Book Review: Sense of an Ending by Julian Barnes

The Sense of an Ending


This intense novel follows a middle-aged man as he contends with a past he has never much thought about – until his closest childhood friends return with a vengeance, one of them from the grave, another maddeningly present. Tony Webster thought he’d left all this behind as he built a life for himself, and by now his marriage and family and career have fallen into an amicable divorce and retirement. But he is then presented with a mysterious legacy that obliges him to reconsider a variety of things he thought he’d understood all along, and to revise his estimation of his own nature and place in the world.

A novel so compelling that it begs to be read in a single sitting, with stunning psychological and emotional depth and sophistication, The Sense of an Ending is a brilliant new chapter in Julian Barnes’s oeuvre.
– Goodreads

Published in 2012 by Vintage
Softcover, 150 pages


This is the second time that I’ve read this book. As the above summary suggests, both times that I have read this book, I have felt compelled to read this book in a single sitting. This novel is totally unputdownable, even on the second read.

Sense of an Ending is a short book, with just 50 pages and could even be described as a novella. It didn’t feel like reading a novella, even though it was a quick read. So much happened to the main character Tony, as the story followed from adolescence to his old age. At the end of the book, I felt that I was friends of all characters, which was unexpected, considering the short length of the book.

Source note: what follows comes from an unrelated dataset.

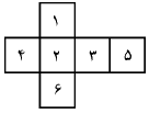 یک تاس که شکل باز شدهی آن را میبینید، روی میز قرار دارد و علی و مجید دو

Today, when I pick this book up, the first thing I notice, other than the fantastic cover, is how it still looks brand new. To flick through the pages is to see the pages of a book that has been read in such a short time, that the pages are still very stiff, as though I have just brought it home from the book store.

The end of Sense of an Ending, has caused lots of discussion amongst readers. I would love to write my opinion here, but would hate to spoil the book for those who haven’t read it yet. I will leave it up to you to decide.

I loved and still love this book I enjoyed the story line, the characters and I especially loved the writing. I just know that I will definitely read this book again.


“A masterpiece….I would urge you to read and re-read The Sense of an Ending”
Daily Telegraph

“A precise, poignant , portrait of the costs and benefits of time passing, of friendship, of love. A masterpiece” – Erica Wagner, The Times

STAR RATING: ⭐️⭐️⭐️⭐️⭐️


Julian Patrick Barnes is a contemporary English writer of postmodernism in literature. He has been shortlisted three times for the Man Booker Prize— Flaubert’s Parrot (1984), England, England (1998), and Arthur & George (2005), and won the prize for The Sense of an Ending (2011). He has written crime fiction under the pseudonym Dan Kavanagh.

Following an education at the City of London School and Merton College, Oxford, he worked as a lexicographer for the Oxford English Dictionary. Subsequently, he worked as a literary editor and film critic. He now writes full-time. – Goodreads

All books that I review have been purchased by me or borrowed from the library, unless otherwise stated.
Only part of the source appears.